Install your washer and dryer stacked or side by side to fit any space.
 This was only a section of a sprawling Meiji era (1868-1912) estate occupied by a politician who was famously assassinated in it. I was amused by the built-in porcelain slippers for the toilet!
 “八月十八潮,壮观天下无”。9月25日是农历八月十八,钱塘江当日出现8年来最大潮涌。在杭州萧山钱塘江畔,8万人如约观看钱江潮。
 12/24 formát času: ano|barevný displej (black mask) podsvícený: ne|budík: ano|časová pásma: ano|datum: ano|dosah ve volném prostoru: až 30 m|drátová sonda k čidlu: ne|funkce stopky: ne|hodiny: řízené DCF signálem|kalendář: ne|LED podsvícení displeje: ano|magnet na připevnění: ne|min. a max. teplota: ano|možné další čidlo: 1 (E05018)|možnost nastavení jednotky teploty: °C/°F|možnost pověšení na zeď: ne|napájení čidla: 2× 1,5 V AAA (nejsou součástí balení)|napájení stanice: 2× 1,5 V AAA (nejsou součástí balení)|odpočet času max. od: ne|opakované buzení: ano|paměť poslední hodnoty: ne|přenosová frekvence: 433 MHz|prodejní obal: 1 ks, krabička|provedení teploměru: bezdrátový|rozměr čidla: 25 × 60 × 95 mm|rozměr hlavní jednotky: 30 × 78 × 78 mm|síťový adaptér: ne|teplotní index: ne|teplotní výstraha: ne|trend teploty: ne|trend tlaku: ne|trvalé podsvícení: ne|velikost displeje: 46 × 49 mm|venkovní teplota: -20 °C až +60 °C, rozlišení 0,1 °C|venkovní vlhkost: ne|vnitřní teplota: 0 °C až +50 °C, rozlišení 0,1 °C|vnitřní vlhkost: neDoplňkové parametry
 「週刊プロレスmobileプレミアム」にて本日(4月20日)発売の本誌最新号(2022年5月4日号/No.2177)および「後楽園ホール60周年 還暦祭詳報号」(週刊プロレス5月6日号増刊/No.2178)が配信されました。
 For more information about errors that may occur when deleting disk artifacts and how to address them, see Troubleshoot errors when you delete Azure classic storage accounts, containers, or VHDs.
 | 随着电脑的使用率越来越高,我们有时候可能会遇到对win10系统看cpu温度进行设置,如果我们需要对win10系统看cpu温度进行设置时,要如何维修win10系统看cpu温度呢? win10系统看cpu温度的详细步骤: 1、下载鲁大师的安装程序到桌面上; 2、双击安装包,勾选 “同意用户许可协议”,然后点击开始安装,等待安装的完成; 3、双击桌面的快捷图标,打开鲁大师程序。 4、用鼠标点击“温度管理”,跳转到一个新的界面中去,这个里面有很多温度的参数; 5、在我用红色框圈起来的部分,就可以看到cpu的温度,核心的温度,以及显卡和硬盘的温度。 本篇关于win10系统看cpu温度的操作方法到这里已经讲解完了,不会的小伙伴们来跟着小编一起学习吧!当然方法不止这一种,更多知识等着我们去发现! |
...
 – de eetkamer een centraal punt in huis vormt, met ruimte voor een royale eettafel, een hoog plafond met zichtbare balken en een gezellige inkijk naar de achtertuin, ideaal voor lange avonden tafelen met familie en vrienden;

Exercise brief
Take the line above containing "For more information", the line containing "win10系统看cpu温度的详细步骤: 1、下载鲁大师的安装程序到桌面上; 2、双击安装包,勾选", and all lines in between, and copy them exactly without anything else.

Task response
 For more information about errors that may occur when deleting disk artifacts and how to address them, see Troubleshoot errors when you delete Azure classic storage accounts, containers, or VHDs.
 | 随着电脑的使用率越来越高,我们有时候可能会遇到对win10系统看cpu温度进行设置,如果我们需要对win10系统看cpu温度进行设置时,要如何维修win10系统看cpu温度呢? win10系统看cpu温度的详细步骤: 1、下载鲁大师的安装程序到桌面上; 2、双击安装包,勾选 “同意用户许可协议”,然后点击开始安装,等待安装的完成; 3、双击桌面的快捷图标,打开鲁大师程序。 4、用鼠标点击“温度管理”,跳转到一个新的界面中去,这个里面有很多温度的参数; 5、在我用红色框圈起来的部分,就可以看到cpu的温度,核心的温度,以及显卡和硬盘的温度。 本篇关于win10系统看cpu温度的操作方法到这里已经讲解完了,不会的小伙伴们来跟着小编一起学习吧!当然方法不止这一种,更多知识等着我们去发现! |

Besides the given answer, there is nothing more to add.